DL4J Text mining: Cannot reproduce results from word verctor learner (KNIME 3.3) in DOC2VEC learner (KNIME 3.4)

Dear KNIME DL4J people,

I haven't found anything useful to this topic on the internet so far, so I dare to open a new thread.

Recently, I upgraded my 3.3.2 KNIME installation on my office machine to 3.4 . Unfortunately, I lost all old (deprecated) nodes, so my text mining workflow (very similar to the example knime://EXAMPLES/04_Analytics/14_Deep_Learning/07_Simple_Document_Classification_Using_Word_Vectors, but with my owndata) failed.

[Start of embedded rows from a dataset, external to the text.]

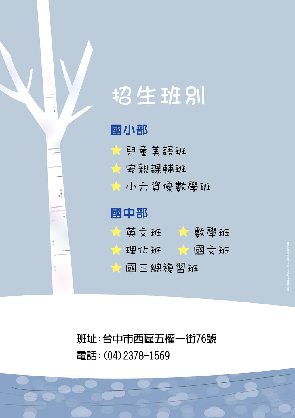 公版內的文字內容皆可修改,位置也可調動,可放上補習班名稱、LOGO、電話、地址、招生班別........等資訊
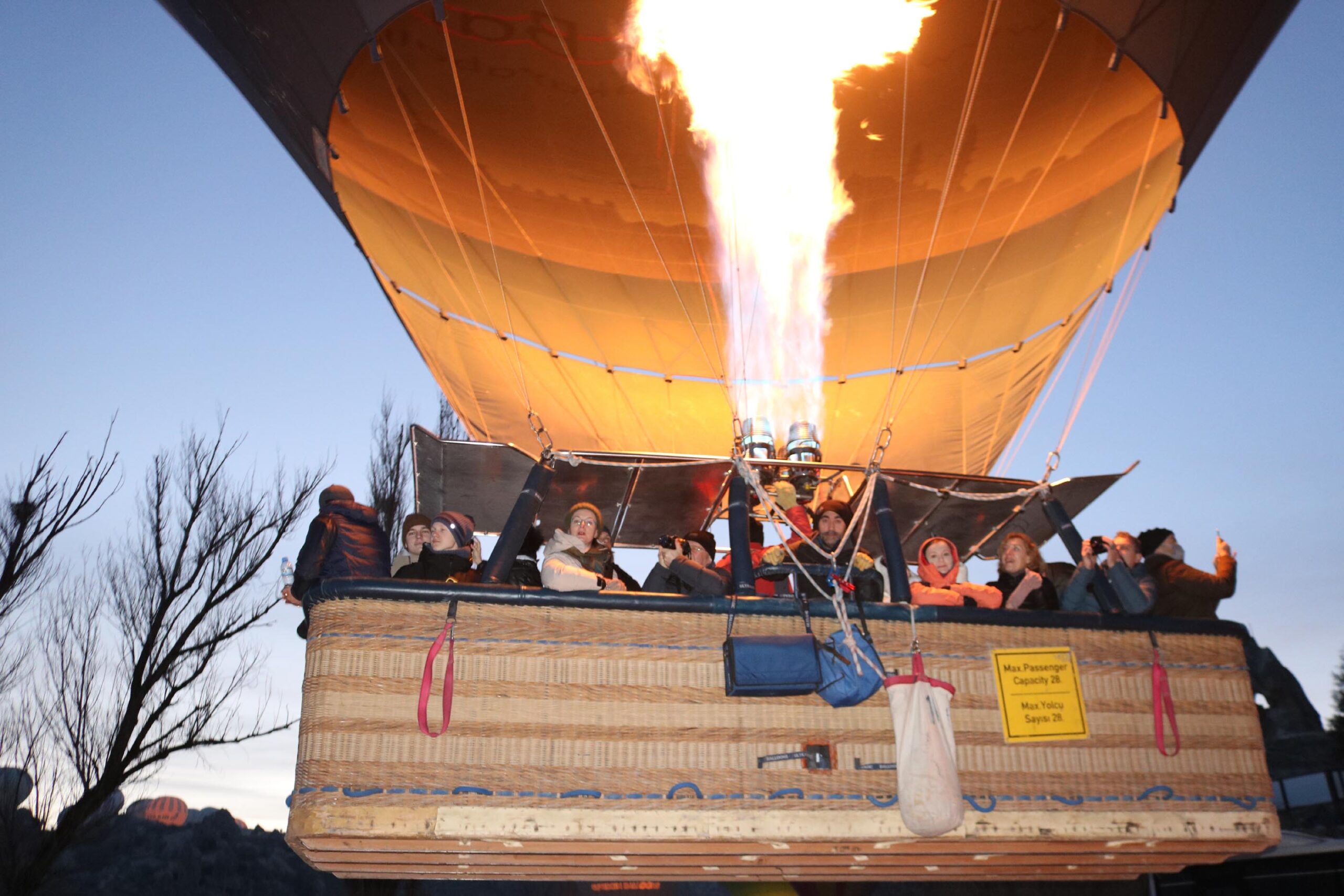 KAPADOKYA’DA TURİSTLER, YENİ YILIN İLK GÜNÜNÜ BALONDA KARŞILADILAR
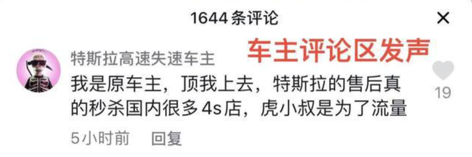 即便是特斯拉车主出来解释,“特斯拉的售后真的秒杀国内很多4S店,虎小叔是为了流量。”
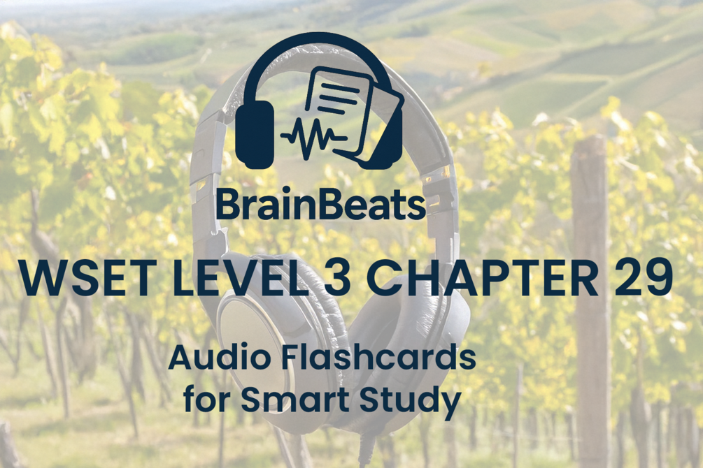 You’ll get an audio-first flashcard pack for Chapter 29 of WSET Level 3, featuring 25 questions that cover Southern Italy’s main wine-producing regions, native grape varieties like Aglianico, Fiano, and Greco, and regional classification systems. Includes printable flashcards and a targeted learning sheet.
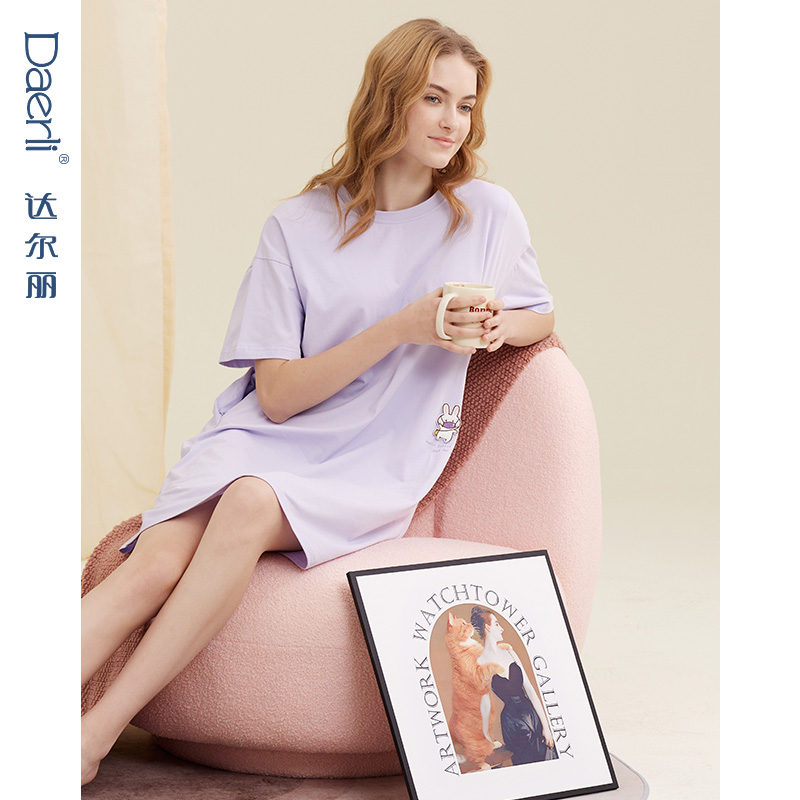 圆领套头短袖 2024新款 自带胸垫薄女士睡衣 女款 达尔丽纯棉睡裙夏季

I tried to restore the workflow using DOC2VEC Learner and the new Vocabulary Extractor node instead of the old nodes + filter. I tried both algorithms and a separate preprocessing pipeline but could not reproduce my old ROC/AUC from about 0.9. I reached about 0.5 instead (wwhich seems a very significan difference).

How should the pipeline and the parameters not included in the 3.3 learner version look like that I can reproduce the results?

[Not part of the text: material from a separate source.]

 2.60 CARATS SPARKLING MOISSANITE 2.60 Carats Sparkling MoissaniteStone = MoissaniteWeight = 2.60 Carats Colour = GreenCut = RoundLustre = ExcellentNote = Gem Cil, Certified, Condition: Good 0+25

Additionally, the new results look more smilar to what I get if I split my data into training and test first and use the Word Vector Learner only to the training set while using Word Vector Apply to the test set (in the example workflow, the Word Vector Learner was applied prior to splitting)

I darely hope for helpful hints!

Kind regards, Anna


Hi Anna,

your problem most likely results from changed default parameters between the deprecated and the new Doc2Vec Learner node. I just answered a very similar question in the forum (https://www.knime.com/forum/knime-textprocessing/difference-between-deprecated-and-current-doc2vec-learner-and-vocabulary#comment-27237) . You could have a look there and set the parameters accordingly.

I hope that helps.